И вот, спустя два дня после гневной вспышки Эльфгифу на пиру, мы впервые отпустили сокола лететь свободно. Это был тонкий и решительный миг в его воспитании. Вскоре после рассвета мы с Эдгаром отнесли сокола в спокойное место, довольно далеко от бурга. Эдгар вращал приманку на веревке. А я, стоя в полусотне шагов от него с кречетом на перчатке, снял кожаный колпачок, отпустил кожаные ремешки и высоко поднял руку. Сокол тут же заметил летающую приманку, сорвался с перчатки мощным прыжком, отдавшимся до самого моего плеча, и кинулся прямо к цели — одним смертельным броском. Он ударил по кожаной приманке с такой силой, что вырвал веревку из рук Эдгара, и отнес приманку вместе с волочащейся за ней веревкой на дерево. А мы с Эдгаром застыли в страхе, не зная, не воспользуется ли сокол возможностью улететь на свободу. Помешать ему мы были бы не в силах. Но когда я снова медленно поднял руку, кречет спокойно слетел с ветки, скользнул к моей перчатке и уселся на нее. Я наградил его куском сырой голубиной грудки.

— Вот, стало быть, она, наконец, и пришла, чтобы предъявить свои королевские права, — тихо сказал Эдгар мне, увидев, кто ждет у соколиного двора, когда мы возвращались.

Там стояла Эльфгифу в сопровождении двух слуг. На мгновение меня обидел язвительный смысл слов Эдгара, но знакомое чувство уже завладело мной, и голова закружилась оттого, что я оказался рядом с самой красивой и желанной женщиной в мире.

— Доброе утро, госпожа, — сказал Эдгар. — Пришли посмотреть на своего сокола?

— Да, Эдгар, — ответила она. — Птица уже готова?

— Не совсем, госпожа. Еще дней семь или десять поучится и будет годна для охоты.

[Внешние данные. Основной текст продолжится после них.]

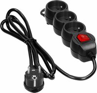 De 3-weg verlengkabel is een gebruiksvriendelijke en veilige oplossing voor kantoren en huishoudens. Het product in de kleur zwart, uitgerust met: 3 stopcontacten van het Franse type (2P+E), kabel H05VV-F 3x1,5 mm2, lengte 5 m, platte stekker met comfortabel handvat, veiligheidsluiken, tweeweghoofdschakelaar met achtergrondverlichting, handige hanger als u het apparaat bijv. aan een muur moet ophangen aan de muur, PVC-isolatie.
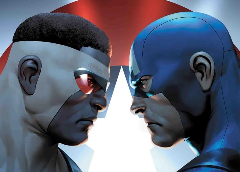 12 years ago, Rick Remender ended his dimension-crossing run on Captain America by passing the shield from Steve Rogers to his long-time partner, Sam Wilson. What transpired from there was 6 issues detailing Sam’s first adventure alongside the adopted son of Rogers, having taken over the mantle of Nomad to take down Hydra…right as the entire universe was reset by Jonathan Hickman’s Secret Wars. From there, we saw the ALL-NEW, ALL-DIFFERENT MARVEL initiative from Marvel Comics. A new branding for their relaunch of titles at issue 1, where the universe didn’t fully reboot per se, but enough was changed to where it promised new jumping-on points for modern readers. This would bring the longest run Sam Wilson would have as Captain America to an end, totaling 24 issues. This run would quite literally be prophetic as writer Nick Spencer would create the hashtag, #NotMyCaptainAmerica, in the pages of the run, which would then be co-opted by racist fans once the MCU followed in the footsteps of the comics. Comics would show Sam struggling to carry the weight of the shield in the modern day while being faced with in-universe racism, human trafficking, police brutality, as well as his former partner taking over the world once Steve Rogers resumed his identity as Captain America, having been restored to his youth by the Cosmic Cube, but being made into a loyalist to Hydra.
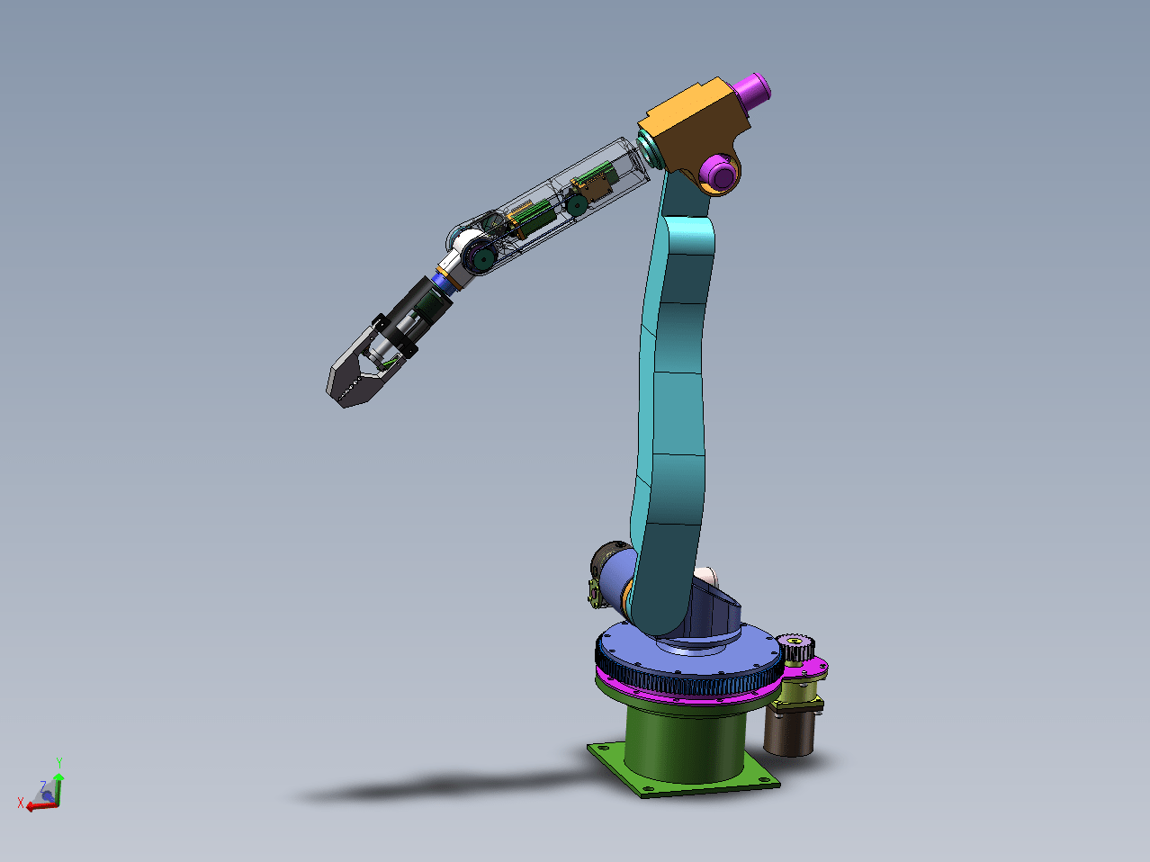 因此本课题的研究目的是通过对快递分拣机器人的结构设计与性能优化,并且在设计中采用计算机辅助设计工具来完成整个设计过程的实施,重点从底座旋转机构、大臂俯仰机构、小臂旋转机构、夹爪夹紧这几种机构上开展工作,完成设计计算与详细的结构设计,提供了新的解决方案,来满足快递分拣机器人生产应用过程中的使用需求。

— А имя ты ей дал? — спросила Эльфгифу.

— А имя ей придумал этот парень, Торгильс, — ответил Эдгар.

Эльфгифу посмотрела на меня так, словно видела впервые в жизни.

— Так какое же имя ты выбрал для моего сокола? — спросила она. — Уверена, что оно мне придется по нраву.

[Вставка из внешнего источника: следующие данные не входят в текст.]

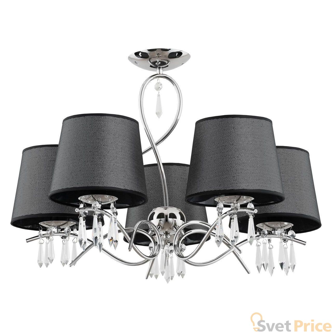 Потолочная люстра Alfa из коллекции Baron производства Польша. Люстра 11485 имеет цоколь E14, в конструкции используются текстильные виды материалов, металлическая арматура цвета хром и 5 черных плафона из материала ткань.
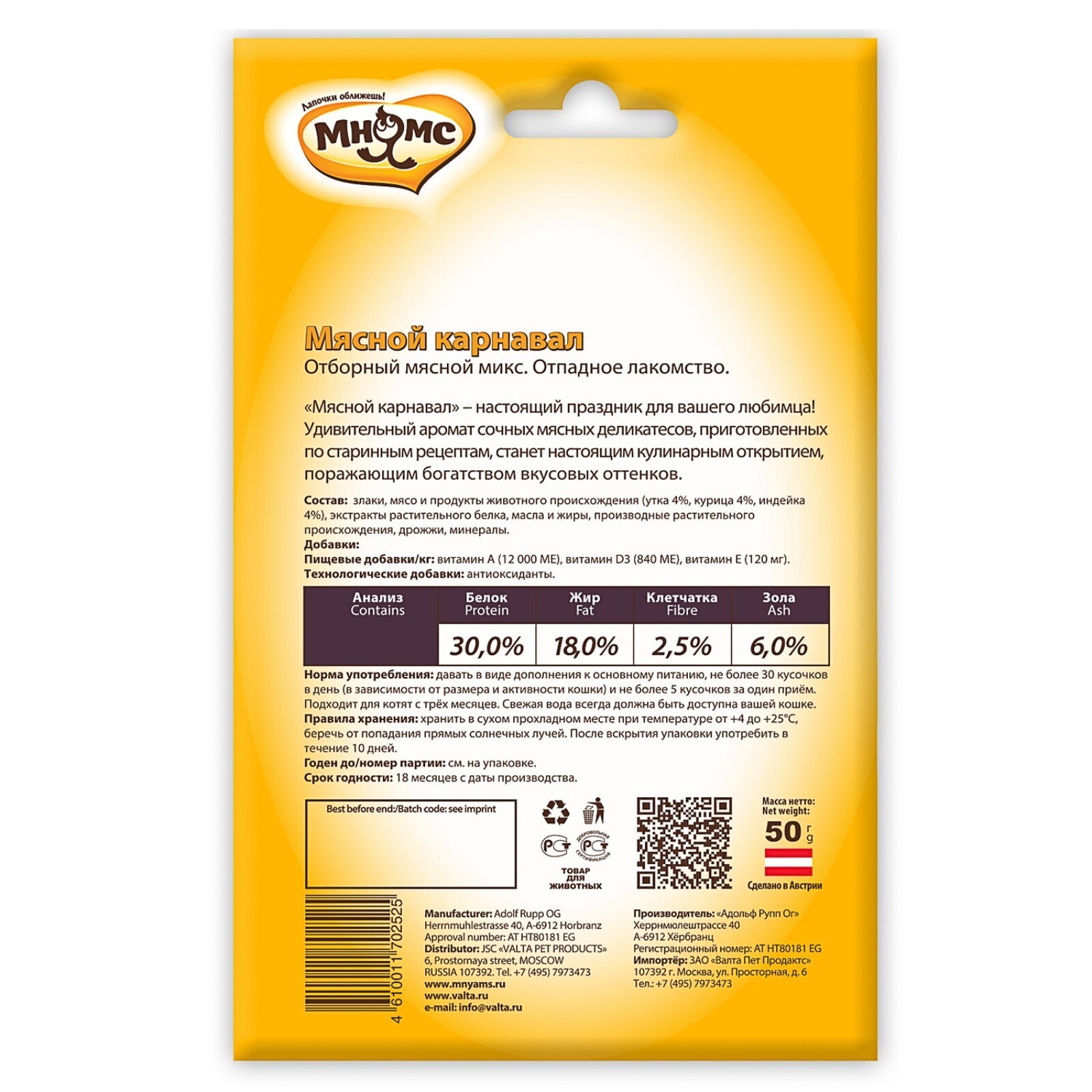 Лакомство Мнямс Мясной карнавал для кошек, утка, индейка, курица, 50 г

— Я назвал сокола Habrok, — ответил я. — Это значит высокий зад — над опереньем на лапах.

Она чуть улыбнулась, отчего сердце у меня подпрыгнуло.

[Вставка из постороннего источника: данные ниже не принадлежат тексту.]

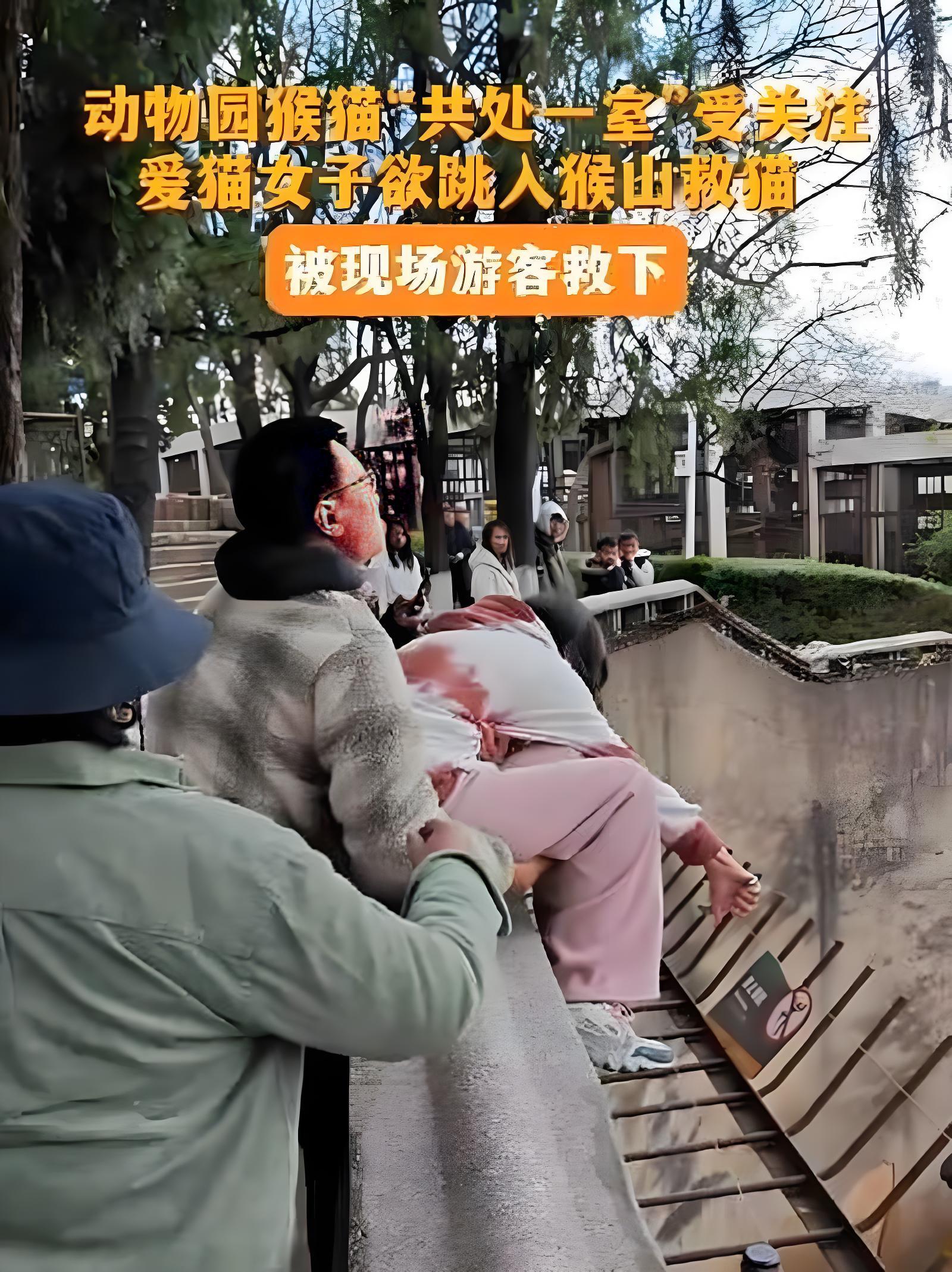直到一個遊客開始站出來,接着是第二個遊客,第三個遊客......越來越多遊客站出來反對,甚至有善良的人想要跳下去解救貓咪。

— Я знаю, что это значит; Хаброк в преданьях о старых богах означало «лучший из всех соколов», не так ли? Славное имя.

Я словно воспарил в небеса.

— Эдгар, — продолжала она, — ловлю тебя на слове. Через десять дней, начиная с сегодняшнего, я выйду на соколиную охоту. Мне нужно время от времени выбираться за пределы бурга и расслабляться. Две охоты в неделю, если соколы сгодятся.

Так началась самая идиллическая осень из всех, какие мне довелось провести в Англии. В дни охоты Эльфгифу подъезжала к соколиному двору верхом, обычно в сопровождении всего одной служанки. Иногда она приезжала одна. Эдгар и я, тоже верхом, ожидали ее. Каких соколов мы брали, зависело от дичи, на которую мы собирались охотиться. Эдгар обычно брал одного из сапсанов, я — моего кречета, а Эльфгифу брала у нас балабана либо одного из перепелятников — эти птицы поменьше, и женщине было легче их нести. Мы всегда отправлялись на одно и то же место, обширное поле, что-то среднее между вересковой пустошью и болотом — там хватало раздолья для ловчих птиц.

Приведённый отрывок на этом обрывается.